その手口を書き始めるとキリがないのであるが、私が申立人として提起した調停は直接の面会交流を求めるものであり、それ以外の何物でもないことぐらい誰が見ても理解する事は難しい事ではない。それまでの調停・審判に於いては子どもたちとの直接の交流は認められておらず、認容されたのは写真や動画を相手方から送付する事や子どもたちに誕生日やクリスマスにプレゼントを送付する間接交流と言われるものだけであった。

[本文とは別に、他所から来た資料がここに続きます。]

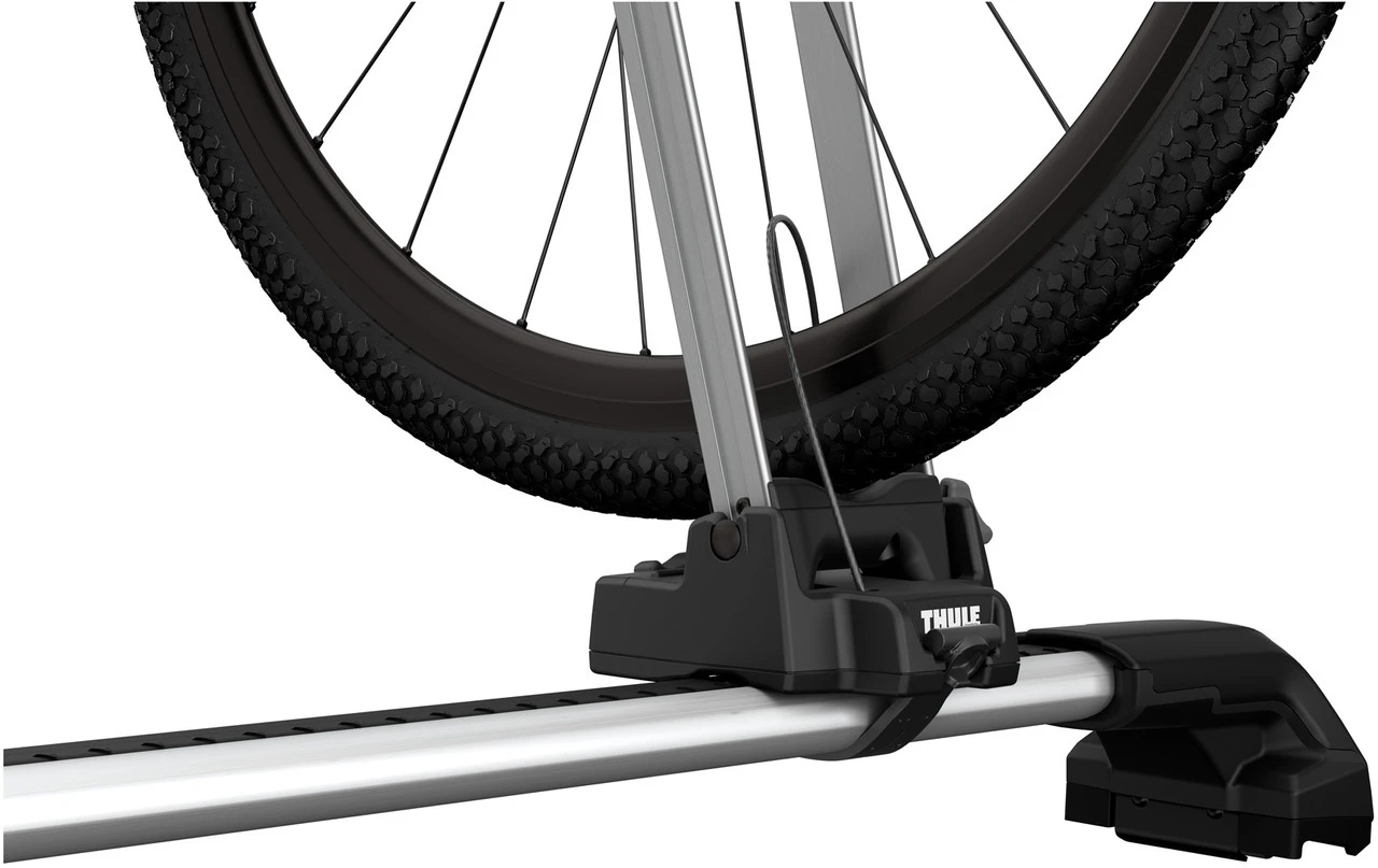 Der Thule Front Wheel Holder ist eine Vorderradhalterung, die Du auf Deinem Dachträger montierst.
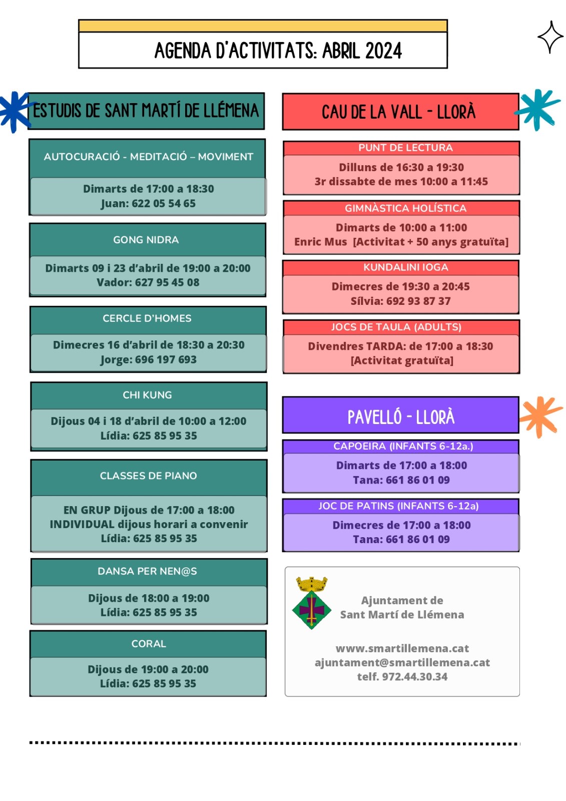 Actualitat, Agenda, Notícies ACTIVITATS ABRIL 2024 ACTIVITATS d'Abril 2024 | Sant Martí de Llémena < Entrada AnteriorEntrada Posterior >
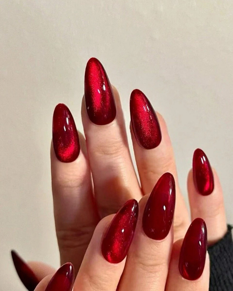 Металлические текстуры — не тренды, но целая религия в 2026 году. И речь не о серебристой эмали из 90-х, а о сложных хромированных покрытиях, которые переливаются всеми цветами радуги в зависимости от освещения. Если планируешь делать маникюр в 2026-м на миндаль, то дизайн ногтей с металлическим эффектом — прекрасный выбор.
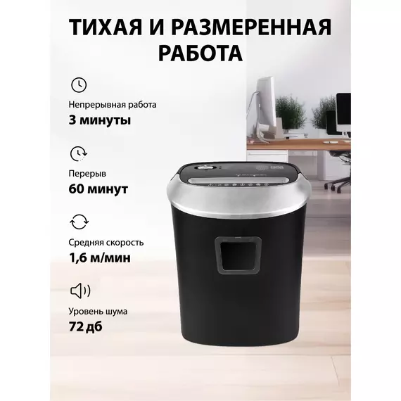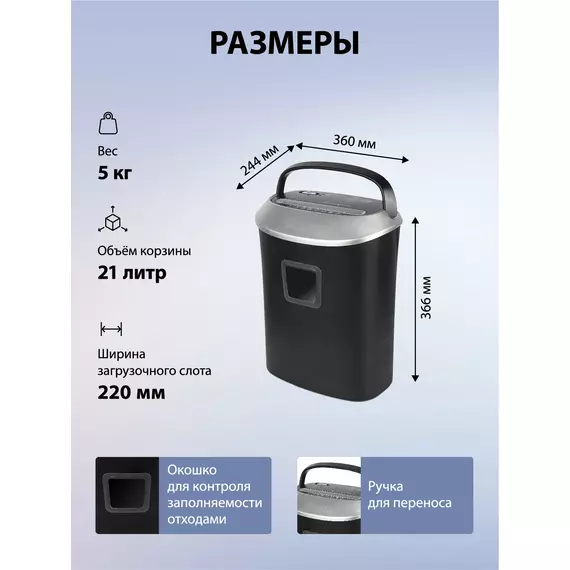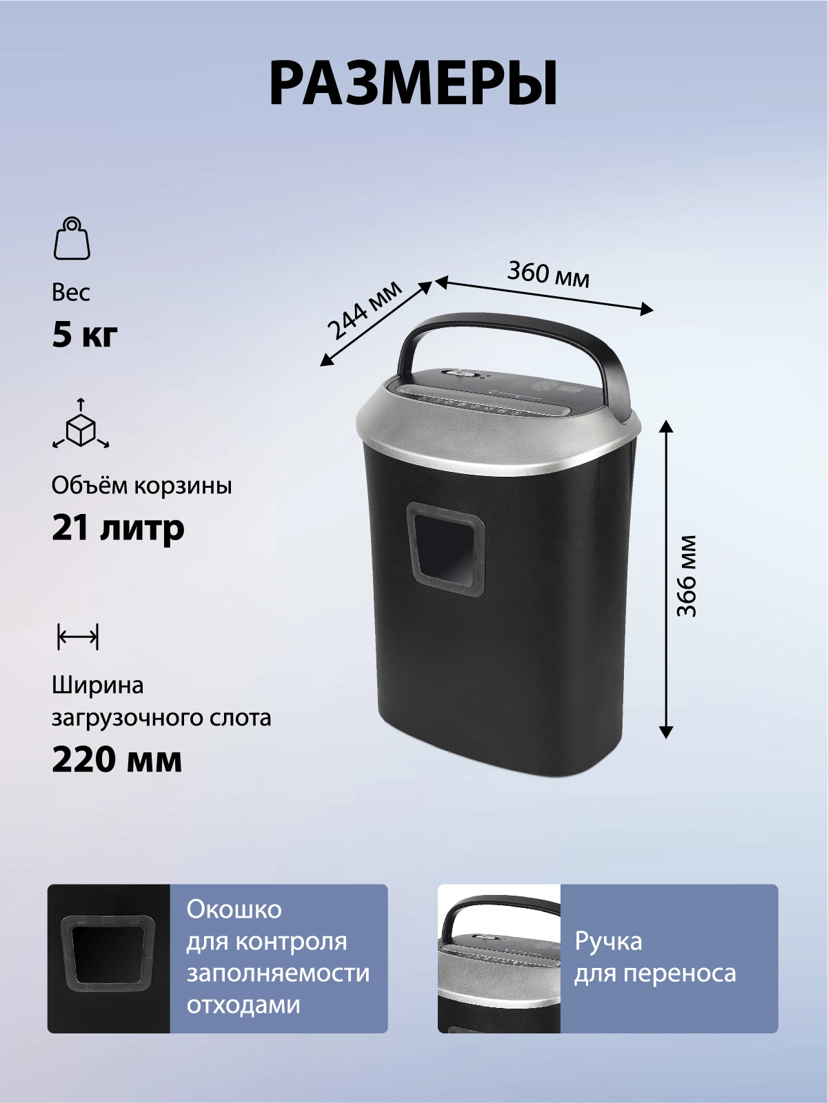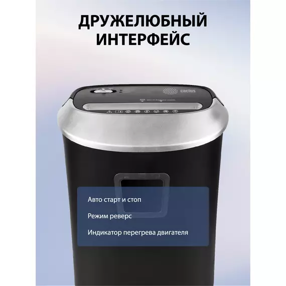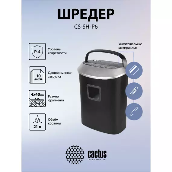 Шредер Cactus CS-SH-P6 черный/серый (секр.P-4) фрагменты 10лист. 21лтр. скрепки скобы пл.карты

現在はその間接交流を含めた全ての交流を相手方は身勝手な理屈で一切行えていない状況にあるが、取り敢えず当初は定期的な写真送付は行うことはできていた。その事に社交辞令でもあるが写真送付などについて「ありがたい」と述べた事がある。トーンポリシングと言うよりそこは「揚げ足取り」であろうが事もあろうに「申立人も間接交流がありがたいと述べている」として直接の面会交流を否定する材料に取り上げてくるのだ。そもそも間接交流で十分と考えるならわざわざ面会交流を求めて調停を行う必要はない。そのままでは「子どもと会わせたくない」相手とすれば「写真さえ送っておけば会わせなくてもよい」としてくることが目に見えていた。こちらとしても子どもと会える事が何よりも重要であり、少なくとも裁判所に命じられるのであれば間接交流についても従ったように、わずかな時間・回数であっても妥協せざるを得ないと考えるのではないかというささやかな希望でしかない。
そのようなことで感情を逆なでされ子どもに会えないままでどこまで冷静とか落ち着いてと言われて人間の感情は耐える事が出来るのであろうか。そこを「我慢比べ」などと忍従出来る人などどれだけいるのだろうか。
調停や審判、裁判そのものが裁判官の当たりハズレのゲームのようなものだという話はよく聞く。そんなものの当たりハズレで親子が引き裂かれていく。世界に冠たる!とかいうこの国の多くの欠陥のうちの1つがここにあるのだ。それでもこの国では大して問題にもならない。ジャニオタだか何だか知らないが未だにジャニーズ事務所ありがとう!などとのたまう「思考停止」のロボットが跳梁跋扈する国、日本。炎天下の中のマスク強要という実態も含めて「人権」という概念すら理解できないロボット民が大多数を占めるこの国の群衆がまさに「劣等民族」と揶揄される所以だろう。